L’esthétique du délabrement contrairement au grotesque n’a pas été longuement élaborée par son auteur, mais l’esthétique du délabrement offre bien cependant s’appliquant aux sculpteurs de la Grand- Rue, une lecture très proche des œuvres, car l’esthétique du délabrement est fondamentalement tragique.
Ce concept esthétique qui a encore le nom d’esthétique de la dégradation(Lucas) permet de :
Lire ces œuvres (celles que tu as montrées) qui évoquent le corps, dans toutes ses déterminations : laideur, obscénité, déchéance, et comme le montre le passage de Yanvalou pour Charlie que tu as lu il permet de le faire également en littérature
Lire ces corps torturés, désindividués par le pouvoir d’État. C’est ainsi que je lis certaines œuvres que tu as montrées, aspect fondamental dans le contexte haïtien. Je me demande si le corps torturé peut être grotesque si oui, je t’invite à parler de« grotesque triste»; Les corps que tu as présentés sont tristes, torturés très différents de ce corps au sexe démesuré fait par Mario Benjamin et Constant que je ne mettrais pas dans l’esthétique du délabrement car cette œuvre prête beaucoup à rire.

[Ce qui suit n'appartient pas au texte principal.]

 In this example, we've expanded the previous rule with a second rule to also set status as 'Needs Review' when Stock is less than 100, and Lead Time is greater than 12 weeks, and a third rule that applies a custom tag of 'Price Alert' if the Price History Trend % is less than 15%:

Qualifier des matériaux dont sont faits ces corps (objets récupérés pour certaines)
Parler du contexte dans lequel sont créés ces corps (Ghetto, Haïti en crise)
Mettre en lumière le côté triste de la vie des artistes exclusion sociale, difficultés à vendre leurs œuvres, misère. La sculpture au pénis avec l’artiste à la bouche ouverte est déchirante. Encore une fois, il faudrait aller vers le «grotesque triste». Dans tous les cas, il me semble que dans le cas du grotesque la réception est importante.

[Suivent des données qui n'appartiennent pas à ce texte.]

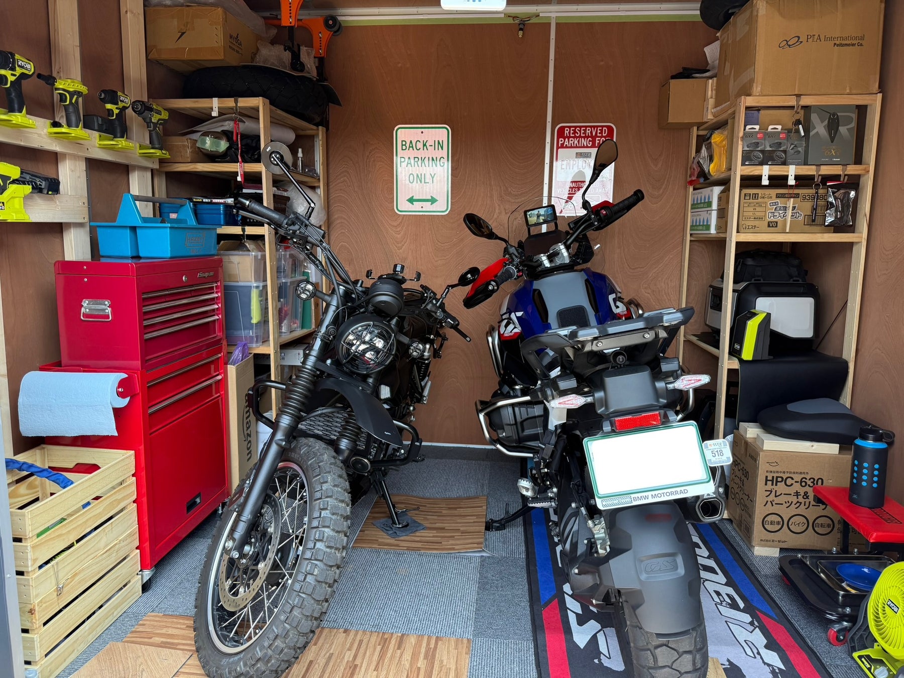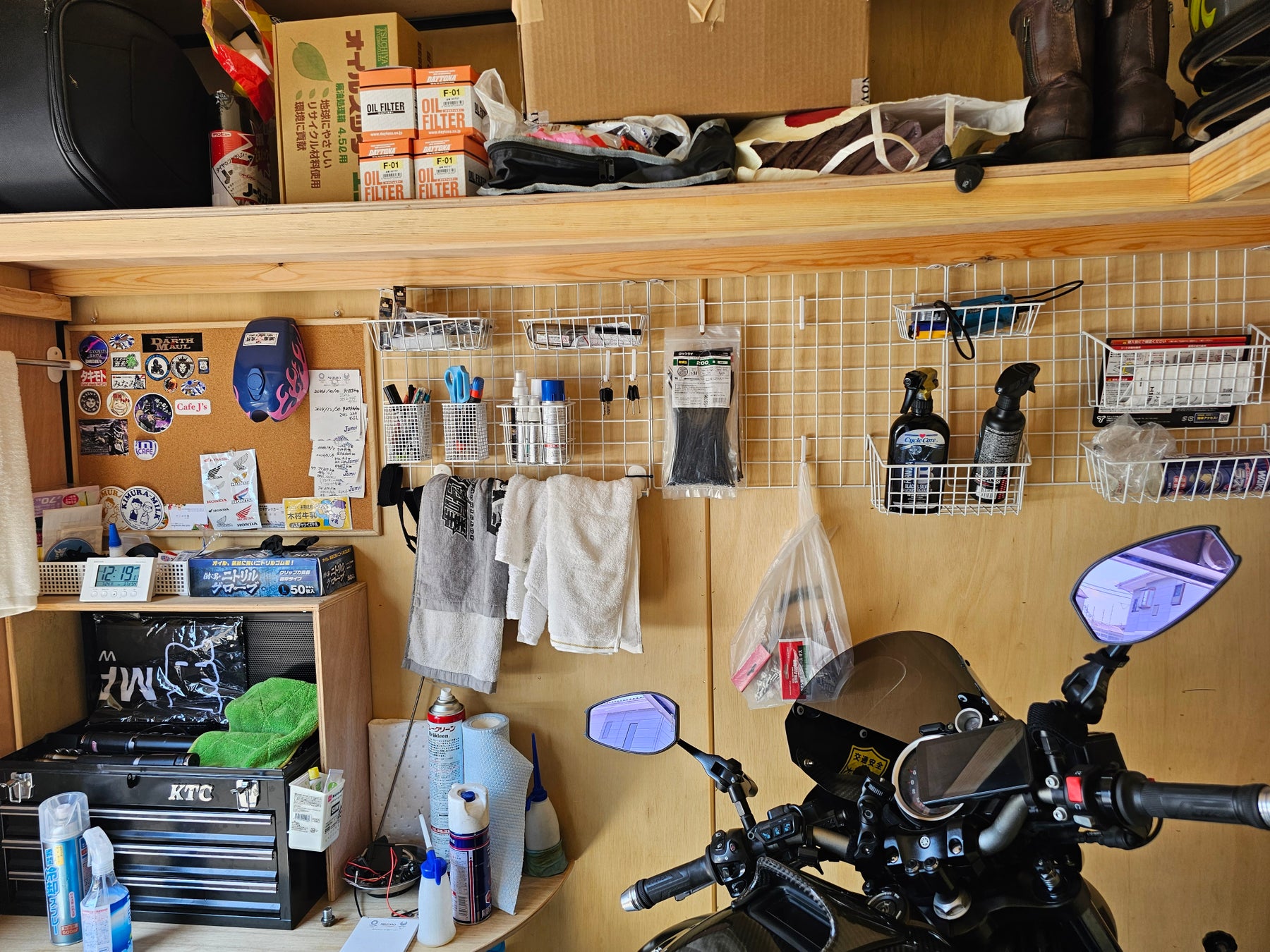 YK様:自作の壁掛け収納が素晴らしく、実用性・見せ方ともに優れている収納となっています。床も、カーペットと板を使い分けて敷いており、重たいバイクでも収納しやすく、そして中を汚さないような細かい工夫がうかがえます。

Je te rappelle que Webert Lahens avait appliqué le concept esthétique du délabrement aux œuvres des sculpteurs de la Grand Rue pour conclure que le délabrement devait être dépassé pour sauver l’art.
Sans vouloir nous enfermer dans une insularité étouffante comme j’ai semblé vouloir le faire (mes écrits sur l’art peu connus prouvent le contraire). Le concept esthétique délabrement pour appréhender l’art des sculpteurs de la Grand-Rue me semble fort intéressant. Ce concept esthétique permet une lecture totale de ces créations. Alors, Je réitère ma question, pourquoi utiliser le concept esthétique du grotesque(le grotesque de Bathkine que tu as présenté prête à rire) à la place du délabrement alors que cela vient de chez nous et peut –être appliqué à d’autres contextes.
Par ailleurs, le plus important pour moi, je suis préoccupée par la manière dont tu as présenté les productions artistiques des femmes. A savoir les vagins les corps plantureux de Pascale Faublas. Tessa Mars respectivement. Ces œuvres apparaissent à entendre ton propos être un effet( influence) de la sculpture sur la peinture, comme si les sexes de la Grand Rue avaient libéré l’expression les femmes , alors qu'elles ont surement leur propre détermination. Je pars du fait que la femme subversive existe. Pascale Faublas en parle. Je pense qu’en présentant les choses comme tu l’as fait tu enlèves aux femmes leur agentivité . De Plus, c’est désormais une démarche autonome des femmes artistes partout dans le monde de donner à voir rondeur, chair, vagins, seins, sous-vêtements, menstruations etc. dans un souci de se confronter au patriarcat. Il faut faire attention à la réduction de l’insolence des femmes à celle des hommes. Certes, dans le monde de l’art en Haïti les œuvres de la Grand -Rue précèdent celles de ces deux femmes on peut les faire dialoguer, mais en aucun cas en faire une incidence. Et puis j’ajouterai que parmi les ainées il y a eu Rose Marie Deruisseau qui a peint des nus assez provoquants.